# Jack arrested for DUI



## girllovesthegame (Nov 3, 2005)

> New Orleans Hornets guard Jarrett Jack, who helped lead Georgia Tech to the 2004 NCAA title game, was arrested in Gwinnett County early Sunday on charges of DUI, speeding and failure to maintain lane, police said.
> 
> Jack, 27, who lives in Atlanta, was stopped in a black Mercedes-Benz shortly after 4 a.m. for speeding on U.S. 78 westbound near McGee Road, Snellville police said. He was driving 66 in a 45 mph zone, police said.
> 
> "The officer paced the vehicle, verifying that it was speeding, and observed the vehicle cross the center line and the fog line," Snellville Police Chief Roy Whitehead wrote in an email. "He stopped the vehicle and smelled an odor of alcoholic beverage coming from the driver, Jarrett Matthew Jack. He conducted field sobriety tests, which Mr. Jack failed."

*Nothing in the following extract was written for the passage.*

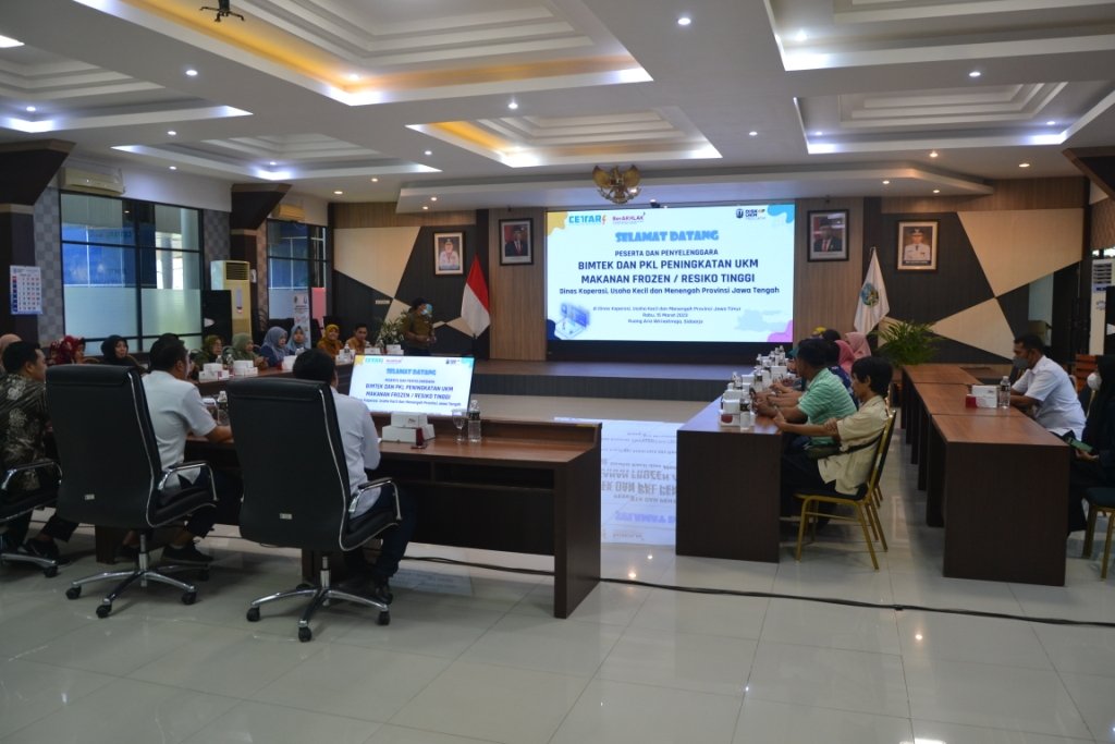 SURON.CO, Sidoarjo – Perkembangan UMKM yang begitu pesat membuat Diskop UKM Jawa Tengah tertarik untuk belajar ke Dinas Koperasi dan Usaha Kecil dan Menengah Provinsi Jawa Timur (Diskop UKM Jatim). Mereka melakukan kunjungan dalam bentuk bimbingan teknis dan praktik kerja lapangan (PKL) peningkatan UKM makanan frozen yang berisiko tinggi.

http://www.ajc.com/sports/georgia-tech/former-tech-star-jarrett-847134.html

:nonono:


----------



## Tooeasy (Nov 4, 2003)

bad news, but based on the non functioning breathalyzer at the scene and him blowing under the legal limit when he was tested at the station I doubt he will be found guilty of DUI. Maybe negligent driving or something. Athletes get themselves top notch attorneys that can take cases like this and come out on top almost every time.


----------